Interrogante: Estou um pouco confuso. Parece-me que compreendo, porém um tanto vagamente; tenho de ir devagar. O que você está dizendo é isto: veja e escute totalmente. Você diz que essa atenção é inteligência e que deve ser imediata. Só se pode ver agora. Não sei se estou vendo agora, ou se tenho de ir para casa refletir sobre o que você disse, esperando que depois possa ver.

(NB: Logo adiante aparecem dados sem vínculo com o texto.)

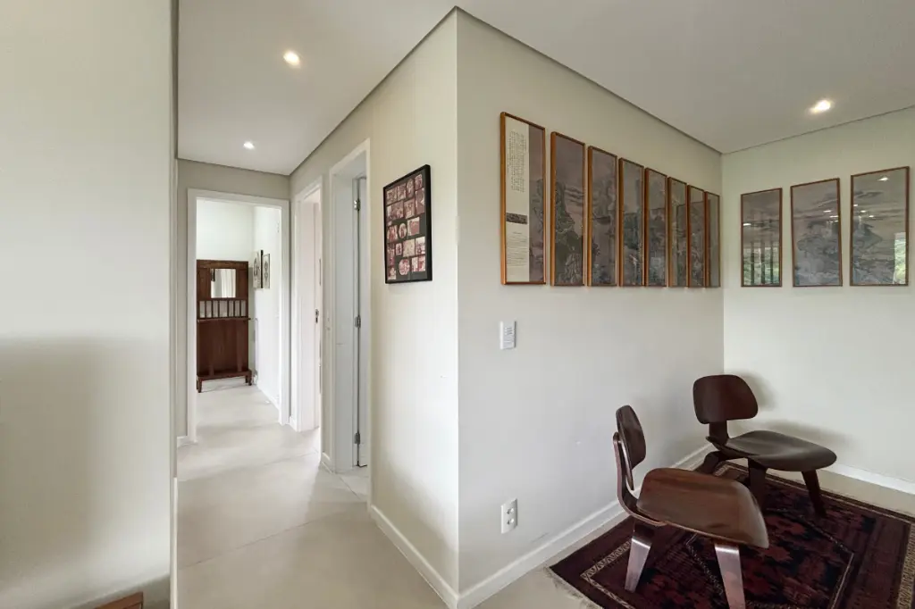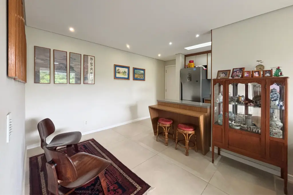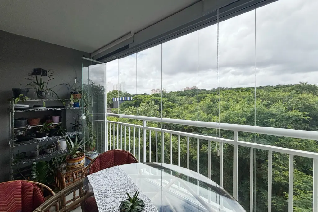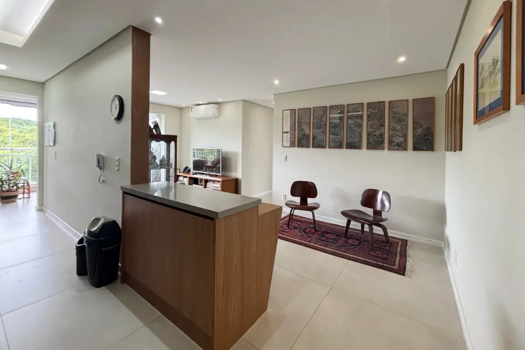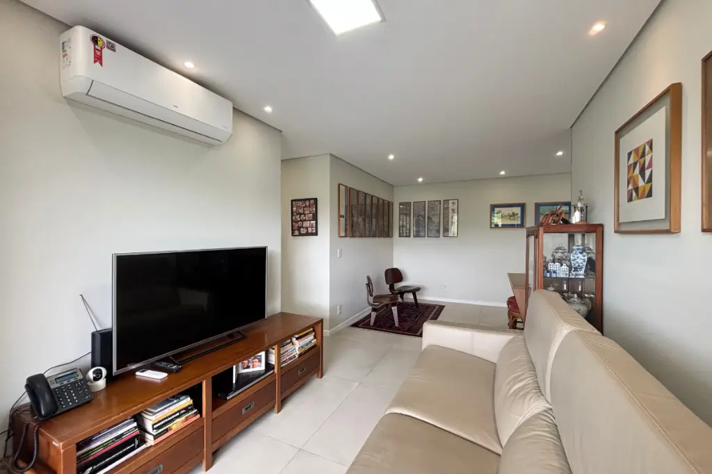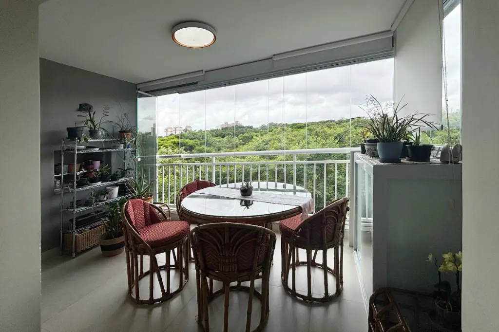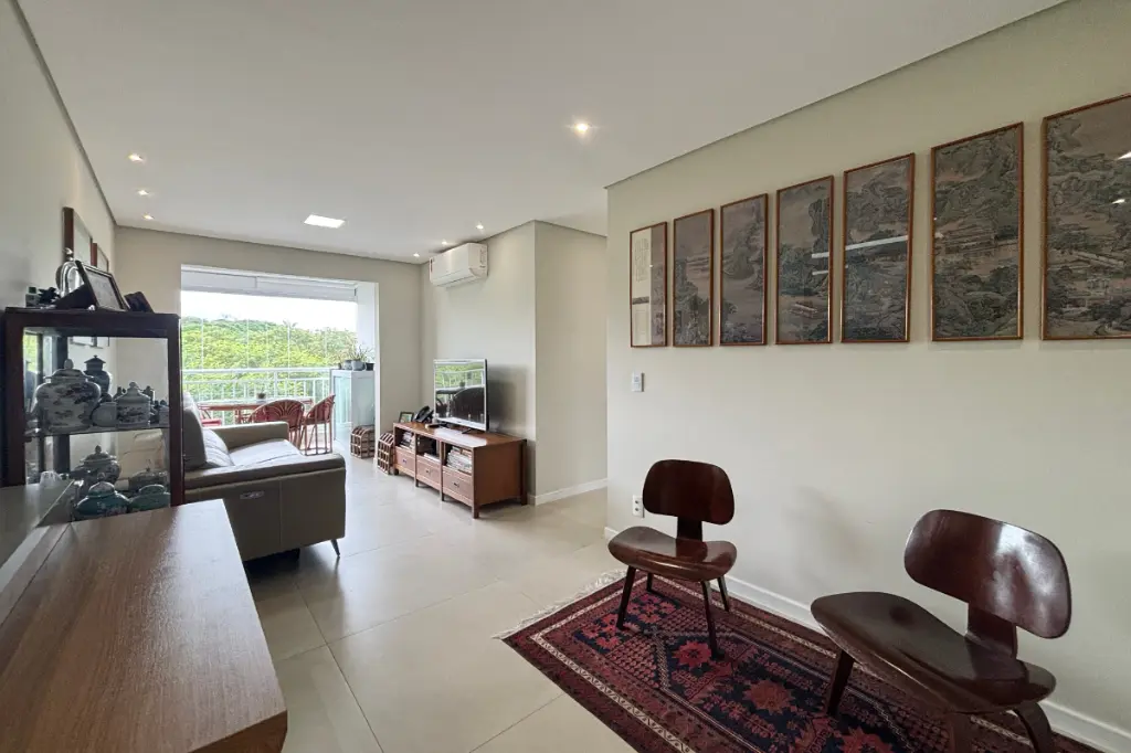 A sala é espaçosa, comporta dois ambientes, possui ar-condicionado e se integra à varanda gourmet com vista permanente para o bosque, um ambiente perfeito para relaxar ou receber amigos com conforto e tranquilidade.
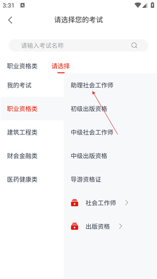 1、在考试选择页面中,选择感兴趣的职业进行学习。
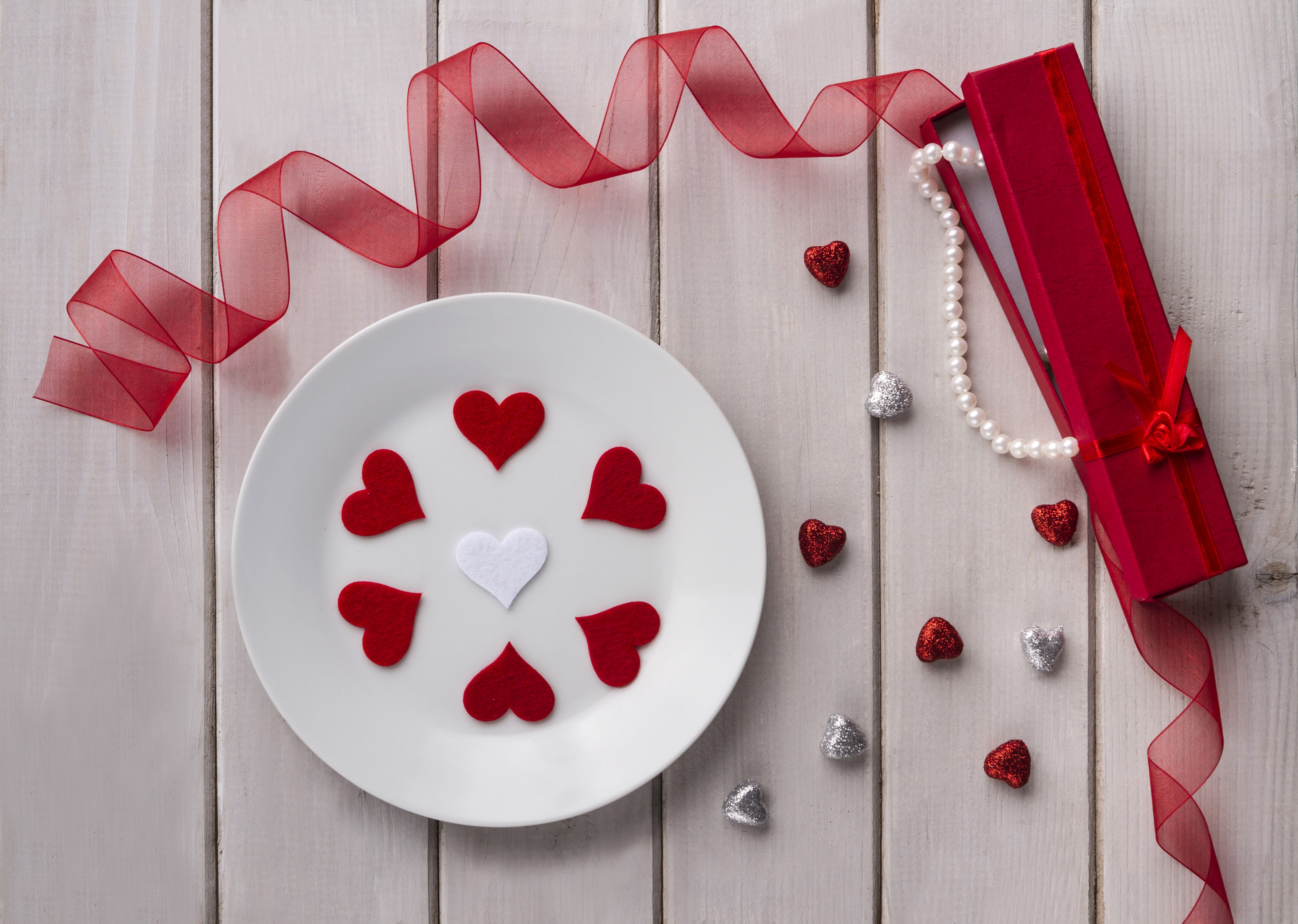 Edytor tapety: Biały talerz, Wstążka, Białe perły
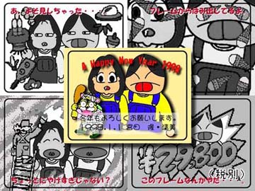 今年のテーマは、プリクラ。今更?と思うでしょうが、パソコンブームでパソコン買ったが何に使うか判らない年代にとって自宅でプリクラ作れる「デジカメ」「カラープリンタ」は、救世主になっているのでは?というコンセプトです。デザイン的には、撮影に失敗したプリクラを(よそ見、枠外等)モノトーンで表し、成功したイメージを浮きだたせています。
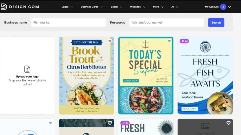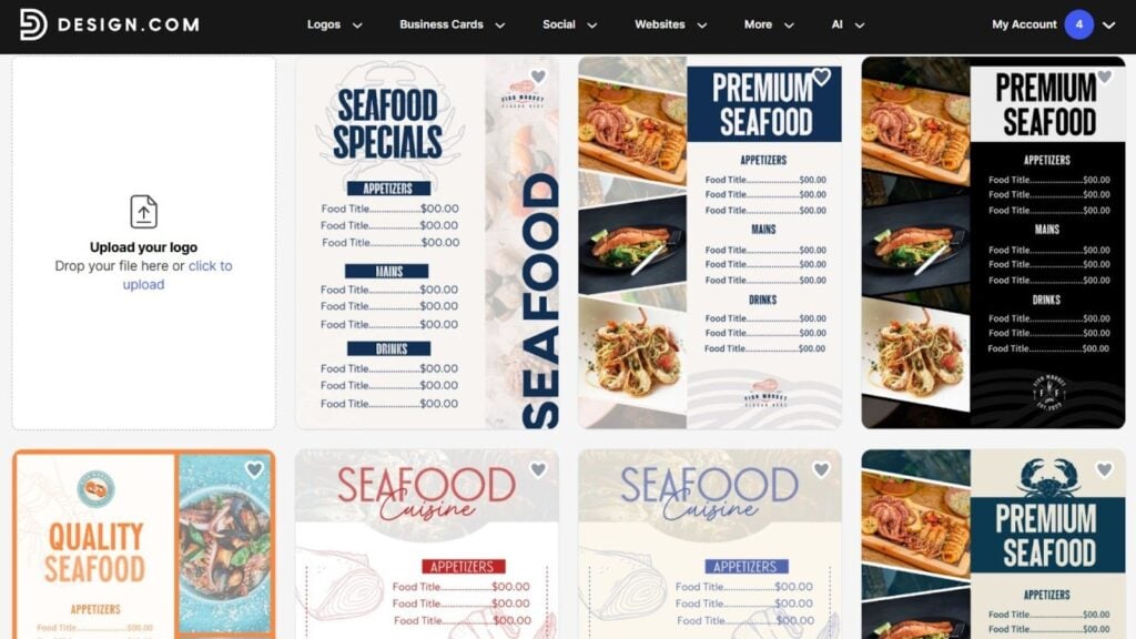 Design.com instantly generates business card layouts using your logo, colors, and typography. This ensures your brand’s identity is clear and professional from the first point of contact.
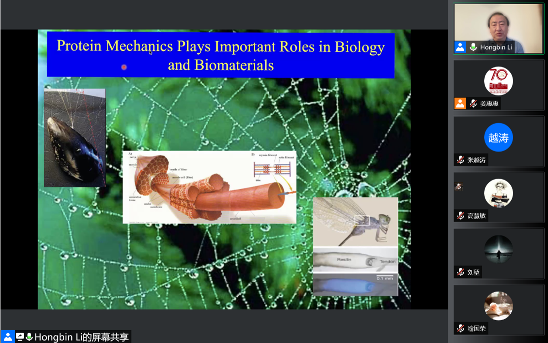 6月2日上午,加拿大不列颠哥伦比亚大学教授李宏斌应邀线上做客“吉大化学七十年——科学与未来系列讲座”,以“蛋白质力学:从单分子力谱到生物材料构建”为题,为学院师生作学术报告。
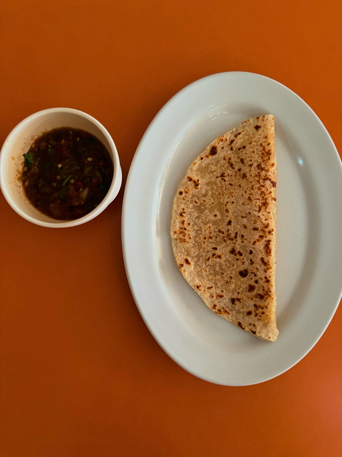 Queso fundido con 3 tortillas de maíz o harina chicas.
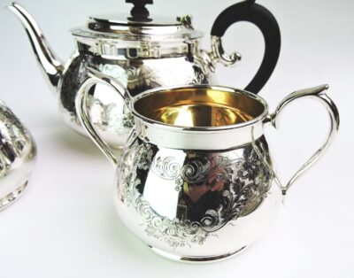 Simpson, Hall, Miller was known for its highly decorative silver-plated wares, which drew on a variety of popular Victorian influences. Designs from this era can include elements from the Aesthetic Movement, like detailed engravings of flowers and birds. This set is a fine example of Simpson Hall & Miller and in excellent condition.

Krishnamurti: Nesse caso, nunca verá; pelo refletir sobre o que se disse, jamais o verá, porque o pensamento impede o ver. Nós dois já compreendemos o que significa ver. Esse ver não é uma essência, uma abstração ou ideia. Não se pode ver se não há nada para ver. Você tem agora o problema da infelicidade. Veja-o completamente, inclusive o seu desejo de ser feliz, e veja como o pensamento cria o oposto. Veja a busca de felicidade, e a busca de ajuda para a obtenção da felicidade. Veja o desengano, a esperança, o temor. Tudo isso deve ser visto completamente, como um todo, e não separadamente. Veja tudo agora, preste-lhe toda atenção.
Interrogante: Continuo confuso. Não sei se apreendi a essência do que você disse. Desejo fechar os olhos e penetrar em mim mesmo, para ver se compreendi realmente esta questão. Se a compreendi, nesse caso resolvi o meu problema.